Hello again Everyone.
I would have created this post yesterday, as yesterday was my Day 5, but I just didn't have the energy, and so many weird things started to happen that I figured, I wanted to let the day play out to see what else I might experience, and then update on Day 6.
Let me start with that constant "pressure feeling" we recent jaw surgery patients keep talking about. Day 5 was the first day that I didn't have this feeling. Well, I did, but in a different kind of way. I woke up feeling fine. I had made it through another night semi-comfortably and having slept most of the night, with the exception of waking up a couple times due to nightmares and night-sweats. I kept dreaming I was falling or tripping over something, and then would wake up startled because my body would manifest the falling feeling by "jumping" in my sleep. This was really annoying, but mostly because I found myself drowned in sweat when I would wake up. When morning came, I took a long shower (w/o getting my head wet), and realized in the shower that I felt like my face had gotten smaller. I was only feeling that pressure feeling in certain parts of my face: my nose, right under my nose, the corners of my mouth, my chin, and a bit in my jowls. I looked in the mirror, but I couldn't see much difference in my face between day 4 and day 5, even though my face actually felt different. I kept icing on and off, and later realized the other major change, I could feel the inside of my teeth with my tongue. I hadn't realized that I couldn't feel my teeth before. So, feeling them all of a sudden was a (welcome) surprise. I also realized that I couldn't feel the roof of my mouth so much. I guess I hadn't realized that I couldn't feel that either in the earlier days. I can feel my tongue run across it lightly, but not like before surgery. Having this new feeling in my mouth, made me sensitive to very hot or very cold things toward the end of the evening. Up until this, I kept asking to be served water, and some of my protein meals as cold as possible, but I realized that the cold feeling in my mouth it really hurt my teeth.

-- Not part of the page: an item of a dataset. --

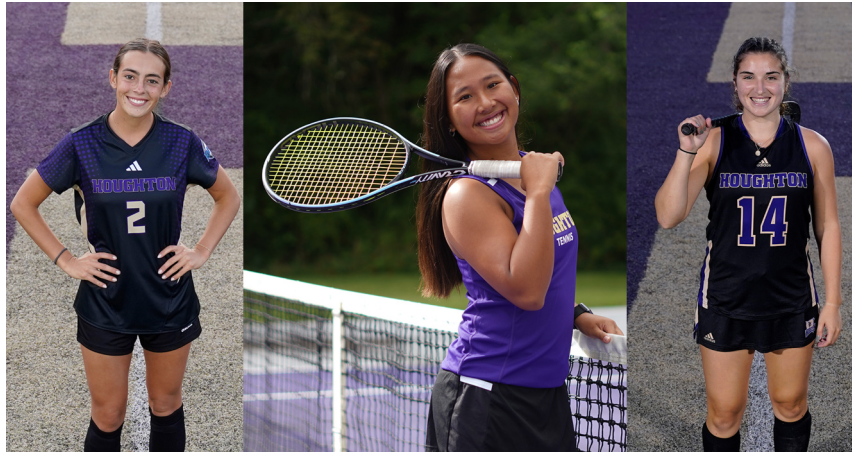
Women's Soccer, Women's Tennis, Women's Field Hockey

Their first win was last Saturday against Utica where they "snapped an 18 game loss streak." Head

Also, I realized I could move and "strectch" my lips a whole lot more than before. I can now kinda smile. I was able to look under my top lip, and saw that it's raw with callouses and cuts, I think from the hooks and wires rubbing against my lips while they were swollen. I managed to brush lightly, and use my water pik very gently to help my mouth feel a bit cleaner.
I ran out of pain meds, and was inbetween doses when I started to get really uncomfortable in the late afternoon. I was uncomfortable because while the I could feel more of my face, I'm not sure I wanted to. The pain was getting more real and not so much just "discomfort." This may sound weird, but I started to feel the incision points, and the parts where I have screws in my face more and more as the day went on. This was especially the case right below my nose because I have screws on each side that the Doc put in to help even out my top teeth/gums. I could also feel the screws in my lower face start to tingle. In fact, I think all that tingling from the days before was my face starting to feel all of the screws and hardware in my face (and of course the swelling going down). I kept icing my face, this along with the pain meds, was the only thing that seemed to provide comfort.
I also noticed some light bruising begin to show up particularly on the left side of my face (where she took my maxilla up 4mm to even out my cant). I also noticed streaky yellow marks down my neck for the first time.
Also, right before bed, I started to get the urge to yawn. I can't begin to describe how weird and uncomfortable this is. I had feared the day when I would want to yawn (or sneeze), and didn't expect it to come so soon. I did my best to take deep breaths in through my nose and then just try to let it out through my nose, but this is so hard!! I could actually feel my lower jaw fighting against the bands to open my mouth to let out the yawn! And the more I held it in, the more the yawns kept trying to come. Along with this, my left nostril decided it was time to get stuffy, so I reached for some Afrin (I think my 3rd or 4th time only) and inhaled only in that nostril. I felt much better after a few minutes and then decided to take some pain meds and try to get some sleep.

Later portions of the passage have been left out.